While numerous scientific consortia have advanced our understanding of neuronal organization, the available mapping techniques remain imperfect. For example, serial electron microscope techniques are limited to the area they can map, and tracer-based techniques are limited in the detail resolution. This new approach makes it possible to learn about organizational principles of neuronal networks that would otherwise be nearly impossible to study.

Instead of trying to trace entire neurons all the way from the axon tips to the cell body, Tsuriel labeled only the cell body, but in a way that indicates the locations of its axonal branches.
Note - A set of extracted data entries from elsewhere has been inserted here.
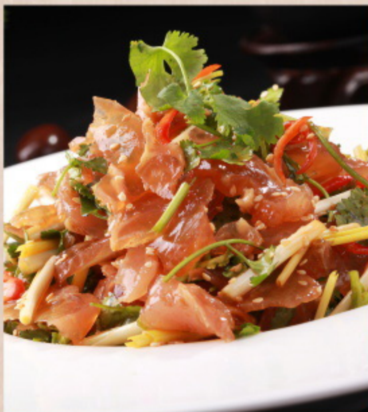
167 凉拌牛筋 Rindersehne
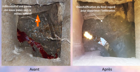
Reprise du regard de l'esplanade

Ainsi, entre août et octobre 2021 des travaux de faible ampleur mais avec un fort impact ont été réalisés :
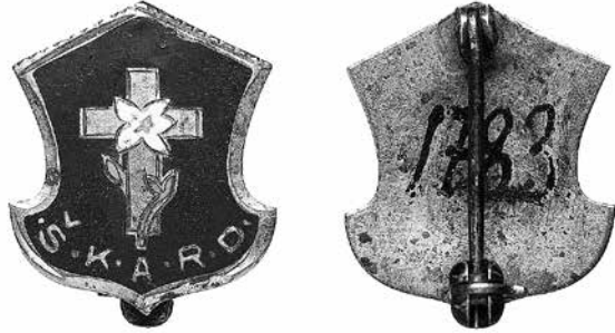
13 iliustracija. Šv. Kazimiero akademijos rėmėjų draugijos ženklelis. 1920–1923. Žalvaris, emalė, 17 × 14 mm. NCDM, Nn 30731

1931 m. gruodžio mėnesį Čikagos 8 skyriaus narės pasigamino savo skyriaus ženklelius – baltas rožes. Ženklelius pagamino ponia Gricienė; su šiais ženkleliais narės dalyvavo laidotuvėse ir šventėse 166 . 1934 m. pranešta apie tai, kad kiekviena 5 skyriaus narė gaus naujus
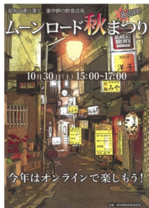
▶ムーンロード秋まつりチラシ

新型コロナウイルス感染症の影響で2年ぶりの開催となったが、リピーターが多く見受けられ、イベントが地域に定着してきていると感じた。また、オンライン視聴者からも応援の言葉だけでなく、「コロナが落ち着いたら、是非商店会に伺いたい」などの嬉しい声もいただき、リピーターのみならず新たな来街者の呼び寄せに期待ができた。
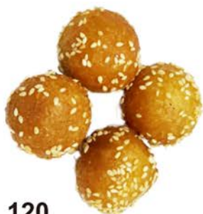
120 Bolas de sésamo fritos 4U Alérgeno:1. 11 2.95€
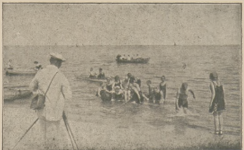
Nad polskim morzem.
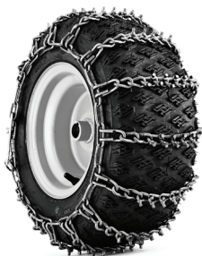
SNĚHOVÉ ŘETĚZY S NAVAŘENÝMI VÁLEČ HROTY, TRO034 964 99 43-01
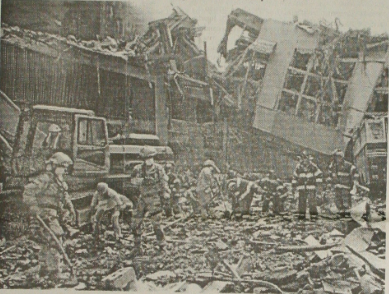
... depois retornam ao trabalho para tentar encontrar outros sobreviventes
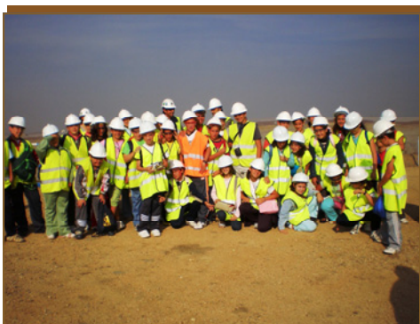
Un momento de la visita dentro del complejo minero.

Un total de 100 niños y 5 profesores de este centro conocen ya en terreno las características de CLC puesto que a la visita a campo, le precedió una charla informativa del proyecto en donde los alumnos pudieron informarse de todas las cuestiones que les interesaban.
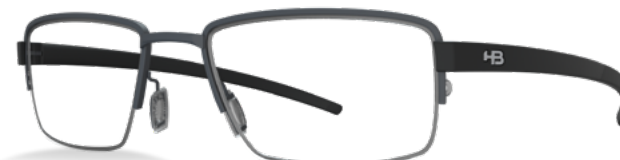
Matte Graphite Yellow Ref. 10100570277010
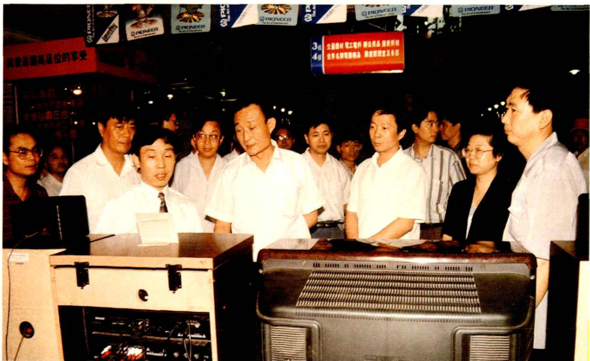
1. 1994年12月19日国务院副总理李岚清视察三角地总公司密云超市 2. 1994年6月18日中共上海市委书记吴邦国视察远东电器商厦
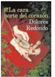
La cara norte del corazón Dolores Redondo. Destino
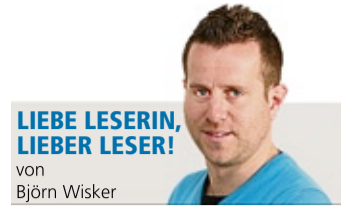
LIEBE LESERIN, LIEBER LESER! von Björn Wisler

Falls das Land sich für den Standort frühere Erstaufnahmeeinrichtung entscheide, werde die Stadt sofort mit der Feuerwehr Cappel Gespräche führen, wie eine angemessene Lösung für den Neubau der Feuerwache ohne das Land aussehen könne. „Unser Wort gilt“, sagte der Oberbürgermeister und Brandschutzdezernent. Wann aber die gegenwärtige Hängepartie um Wache und Schule ein Ende hat, konnte auch der OB nicht prognostizieren.
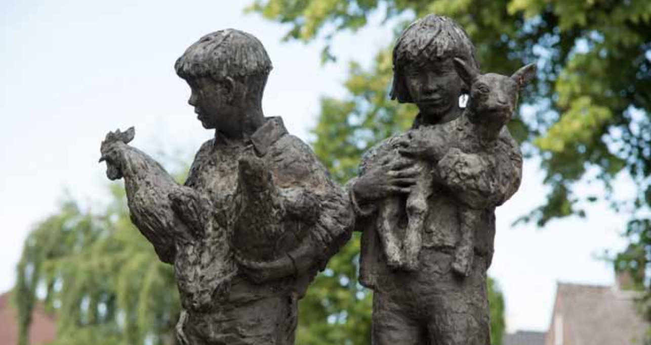
En altijd goed uitkijken bij het oversteken

kreeg mede door René de naam van een kunstenaarsdorp.
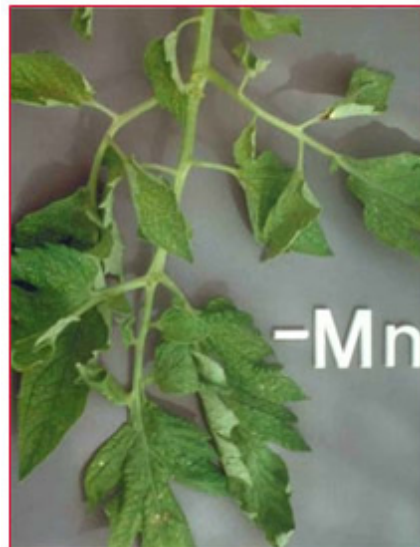
Slika 10. Nedostatak mangana na listu rajčice

Pri nedostatku mangana pojavljuju se blage međužilne kloroze mladih listova, najprije na manjim liskama. Početna faza nedostatka mangana može sličiti na nedostatak željeza. Kako se produljuje vrijeme nedostatka mangana, cijeli list postaje jednako žut (za razliku od nedostatka željeza, gdje je baza lista najžuća), nastaje na lišću metalni sivi sjaj i kasnije se razvijaju tamnije pjege i nekroze. Također je moguć razvoj ljubičastog sjaja na površini lista (slika 10). Optimalna količina Mn u listu rajčice iznosi 100\text{-}300 \text{ mg kg}^{-1} \text{ Mn} u ST, nedostatak <25 \text{ mg kg}^{-1} \text{ Mn} u ST.
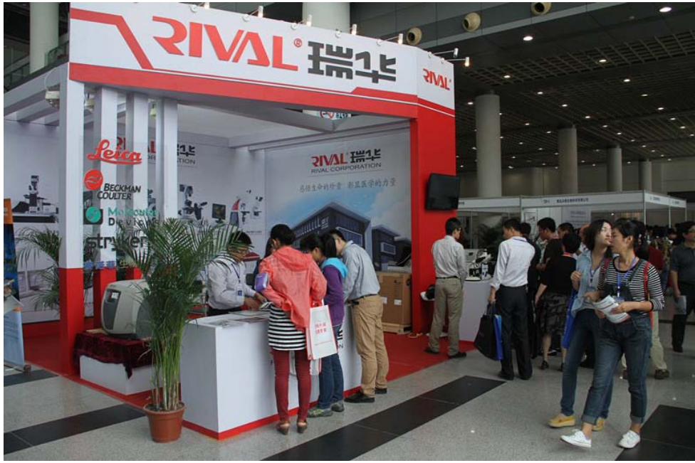
图 6：观众参观现场之二
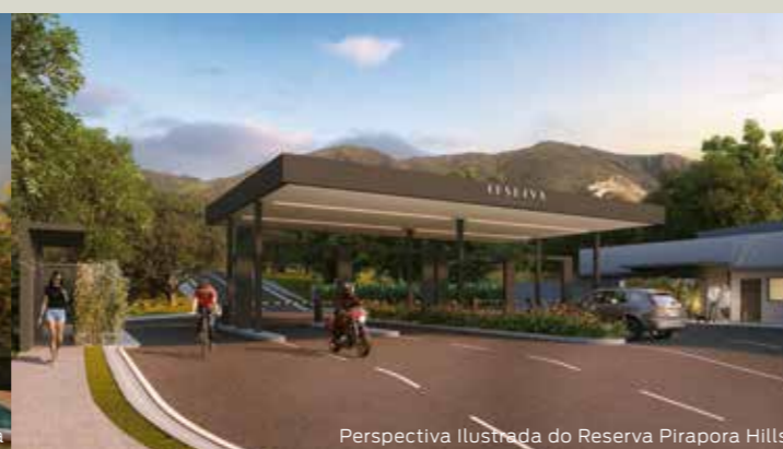
Perspectiva Ilustrada do Reserva Pirapora Hills

With that aim, he used multiple injections in overlapping regions of a target tissue, with three or more differently colored retrograde tracers.


At each point the tracer was injected in a high concentration and spread to the area between the injection points, such that each area in the target tissue had a different color combination depending on its distance from the injection site.

Axons leading to each area took up the dyes and transported them in small vesicles to the cell body, such that each vesicle had a color combination reflecting the area it was taken from.

A few hours after the injection, each neuronal cell body was filled with vesicles in a variety of colors reflecting the colors in the areas that these neurons innervate. Thus, based on the combinations and intensities of the colors in the individual vesicles transported to the cell, the projection sites of the axon can be outlined.

“The new method that we developed allows us to answer a ‘big question’ in neuroscience about the organizational principles of neuronal circuitism,” explained Binshtok.

“Using the NPS technique that maps many axons in the same tissue, we now can study what defines the routes along which the neurons will send their projections, as well as their targets. We can also learn how the wiring of the neuronal circuits changes during development and in a variety of pathological conditions. The answers to these questions will be the first step to comprehending how the information flows and is processed in the nervous system and how changes in the neuronal organization affect neuronal function. I believe many scientists will find the NPS approach useful to help them answer the question of how the brain works.”